Captain Marvel puts the Axis to the test in his own self-titled Adventures, #21 with art by the inimitable1 C.C. Beck.

Thanks to Olaf.
  1. Okay, he's probably been imitated by hundreds of artists over the years.

Tuesday, October 6, 2009


...I'm Johnny Cash.

I see the punch a-comin'...

Thank you once again to Olaf. This made my day.

Monday, October 5, 2009

When Boxing Gloves Are Not Enough...

Joe Palooka did some good work yesterday. But he needs to finish the job.

An admission: I have had far too many shots of tequila to come up with an alt-text joke.
Joe Palooka trades in the gloves for hot lead in Joe Palooka #2, with art by Ham Fisher.

Thanks, rcs.

Sunday, October 4, 2009

Get In The Ring!

No, I'm not referring to Axl Rose's petulant and childish attack on music journalists on Use Your Illusion II.

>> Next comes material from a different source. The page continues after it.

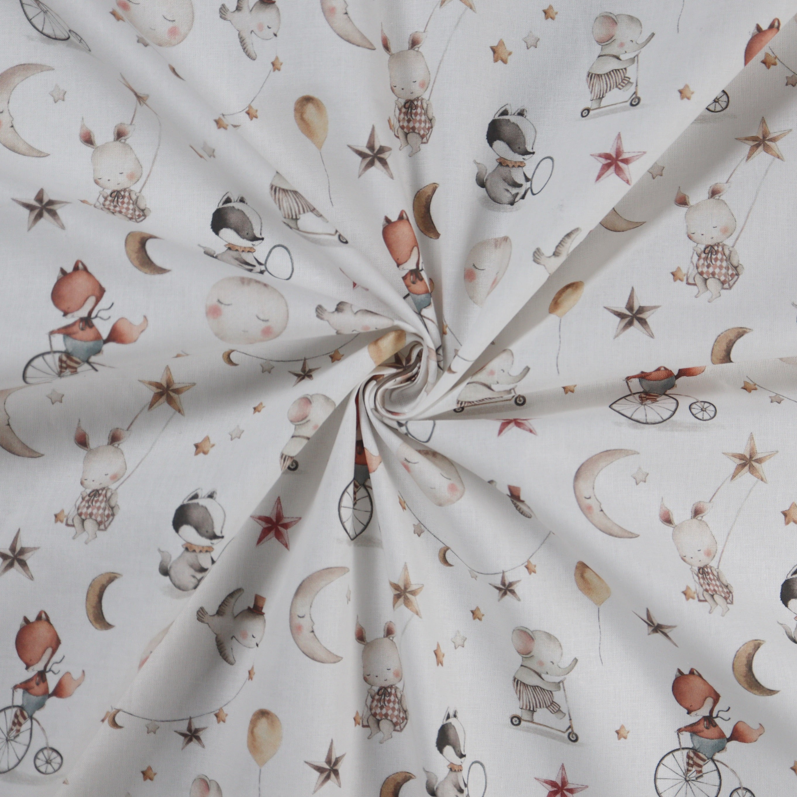 This adorable print features animals playing amongst stars, moons, and bicycles all printed in soft, vintage, colours. This would be perfect for modern nursery decor.

I'm referring to another famous redhead's justified and proper attack on fascist scumbags:

Who's the REAL Palooka here?

Joe Palooka stings like a B-29 in Big Shot #32, with art by Ham Fisher (or more likely, one of his assistants).

Thanks, Olaf.

Saturday, October 3, 2009

I Don't Know Exactly What To Say About This One...

But I'm assuming a place where A JACK KIRBY MICKEY MOUSE IS PUNCHING HITLER...

One Mouse Army Corps! a very magic kingdom indeed.

Thanks again to the ever-prolific Olaf. And remember, you can submit your own Hitler-Punching Art to HitlerPuncher AT gmail DOT com.

Friday, October 2, 2009

Hey Thing: What Time Is It?

I suspect the cosmic radiation made Ben Grimm's watch stop on this very time.
Well, thank you.

And thank Olaf for this little bit o' photoshoppery.

Thursday, October 1, 2009

Some Cerebral Mockery of Hitler...

...from three of America's greatest social critics:

Not shown: Hitler failing to block an eye-poke.

Although I really wish there were more punching. I guess they're too highbrow for the likes of me.

Still taken from the Stooges short "You Nazty Spy." Thanks to Sauza Paul for the image.